Italian footwear appeals to foreign markets: in the first six months of 2019 Italian exports for the sector increased significantly by +7.1% in value (the average price is now 47.55 Euro/pair, +8.2%). This figure comes from the report on the Italian Footwear Industry, First half of 2019 – that was prepared by the Confindustria Moda Research Centre for Assocalzaturifici. The snapshot to emerge from the sectoral report reveals that, despite the performance of exports, certain difficulties still remain due primarily to chronically weak domestic consumption – after a decade of slow decline, in the first half of this year the reduction in household spending intensified (-3.7% in quantity, with much more negative trends for traditional retail). To this we must add the climate of uncertainty at an international level: from the probable continuation of trade tensions and protectionist approaches, to the slowdown of major economies (foremostly China and Germany), through to the lack of a recovery in key markets for certain footwear manufacturing districts. These include Russia where, after a trend reversal in 2018, we are once again seeing reductions of over 15%, and then we have the uncertainties over the timing and mechanics of Brexit, with the danger of a “no deal” still looming large.
“To get through this difficult period we need to invest in ourselves and in our skills – states Siro Badon, Chair of Assocalzaturifici –. It is essential to train new professionals that are able to innovate Italian footwear manufacturing companies and fully espouse our tradition and the standards of excellence that characterise our production. Training, combined with targeted internationalisation strategies and important trade fair events like Micam, is the concrete response through which we can kick-start the process of relaunching Italian footwear and confirm our global leadership. The sector is crucial for our economy and can be a driver for Italian industry as a whole”.

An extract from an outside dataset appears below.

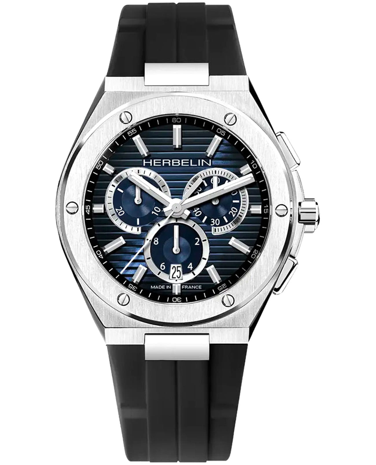 Мужские кварцевые наручные часы-хронографХронографФункция позволяет измерять отрезки времени с особой точностью: часы, минуты, секунды. Верным признаком хронографа является наличие на циферблате 3 дополнительных окошек-счётчиков. Herbelin Cap Camarat 37645A15CA – отражающий идеальное сочетание современного дизайна, надёжности и функциональности. Элегантный облик станет превосходным завершением образа, наделив его индивидуальным характером. Корпус из нержавеющей стали серебристого цвета, диаметром 42 мм, идеально сбалансирован и элегантен. Сапфировое стеклоСапфировое стеклоПрочный и надёжный материал из кристалла сапфира синтетического происхождения, характеризующийся особой твёрдостью и устойчивостью к царапинам и повреждениям. защищает циферблат от царапин и устойчивое к механическим повреждениям. БезельБезельВнешний ободок, закрепляющий стекло. В спортивных часах так называется поворотное кольцо с делениями на циферблате, выполняет роль таймера – замеряет отрезки времени на шкале. Неподвижный безель – элемент декора. Однонаправленно вращающийся безель на дайверских часах позволяет фиксировать моменты погружения и выныривания на поверхность. украшен винтами, заводная головка с защитой. Окошко даты находится в положении 6 часов. Стрелки и метки с люминесцентным покрытиемЛюминесцентное покрытиеПозволяет считывать показания времени в темноте. Производители наносят на стрелки, часовые индексы, безель или поверхность циферблата светонакопительный состав, дающий холодное свечение.. Каучуковый ремешок на стандартной застежке обеспечивает комфортное ношение. Водозащита 100 метров позволит плавать, нырять и заниматься другими водными видами спорта. Эта модель – отличный выбор для тех, кто ищет сочетание стиля, качества и функциональности. Часы станут не только полезным аксессуаром, но и выразительным элементом вашего имиджа.

The evolution of foreign sales, that was positive overall and led to a significant consolidation in the trade surplus for the first 6 months of the year (+10.7%), actually conceals acute differences in company performances. Indeed, alongside outstanding results for many international luxury brands, which a large number of companies operate for as subcontractors (as demonstrated by the significant
increases in trade flows towards Switzerland – a traditional logistics and distribution hub for major brands – and France), there is also a fairly significant number of companies still struggling to get back on track and experience positive trends. There is no shortage of expanding markets (with double-figure increases in value for North America and the Far East), but these increases are often accompanied by reductions in volume (of almost -4% for the US and Canada; more limited decreases, -1.1%, for countries in the Far East, with Japan faring poorly).